** Exercise data **
————

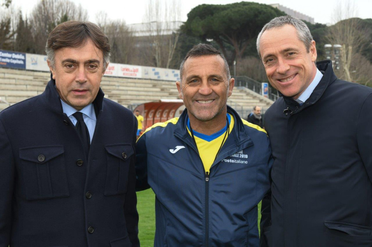 “Calcio d’inizio” per la Nazionale di Poste Italiane pronta al debutto agli ordini di mister Angelo Di Livio, il campione della Juventus, della Fiorentina e della Nazionale che guiderà dalla panchina la squadra gialloblù.
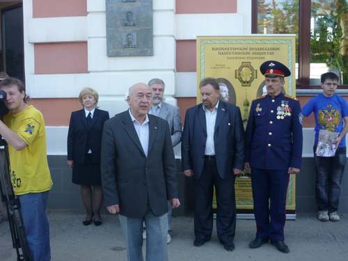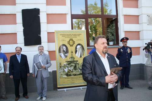 Затем выступил Владимир Борисович Серебренников, действительный член Петровской академии наук, член Ученого Совета РГО, который обратил внимание присутствующих на то, что роль такого достойного человека как Великий Князь Михаил Александрович до конца не изучена. Теперь эта мемориальная доска напомнит, что с Императором Николаем II и Великим Князем Сергеем Александровичем приезжал младший брат Николая II Великий Князь Михаил Александрович.
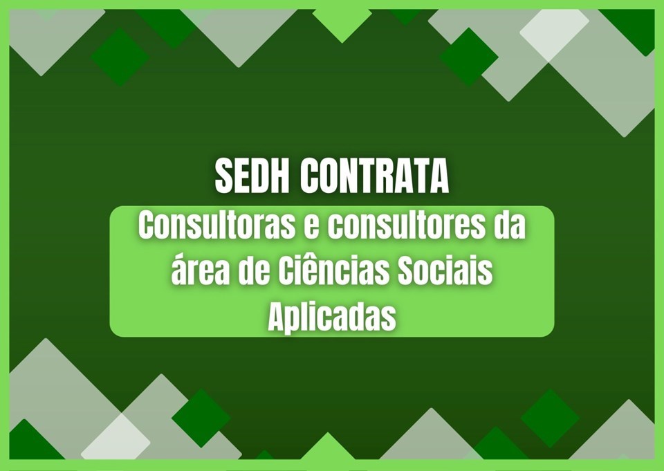 A Secretaria de Direitos Humanos (SEDH), por meio da Unidade Gestora de Projetos (UGP), está contratando dois consultores com graduação na área de Ciências Sociais Aplicadas. O valor mensal por 40 horas semanais é de R$ 7.693,75. As inscrições podem ser feitas até o dia 14 de agosto.

————

** Exercise aim **
Output the material word for word, omitting its pictures.

** Exercise solution **
 “Calcio d’inizio” per la Nazionale di Poste Italiane pronta al debutto agli ordini di mister Angelo Di Livio, il campione della Juventus, della Fiorentina e della Nazionale che guiderà dalla panchina la squadra gialloblù.
 Затем выступил Владимир Борисович Серебренников, действительный член Петровской академии наук, член Ученого Совета РГО, который обратил внимание присутствующих на то, что роль такого достойного человека как Великий Князь Михаил Александрович до конца не изучена. Теперь эта мемориальная доска напомнит, что с Императором Николаем II и Великим Князем Сергеем Александровичем приезжал младший брат Николая II Великий Князь Михаил Александрович.
 A Secretaria de Direitos Humanos (SEDH), por meio da Unidade Gestora de Projetos (UGP), está contratando dois consultores com graduação na área de Ciências Sociais Aplicadas. O valor mensal por 40 horas semanais é de R$ 7.693,75. As inscrições podem ser feitas até o dia 14 de agosto.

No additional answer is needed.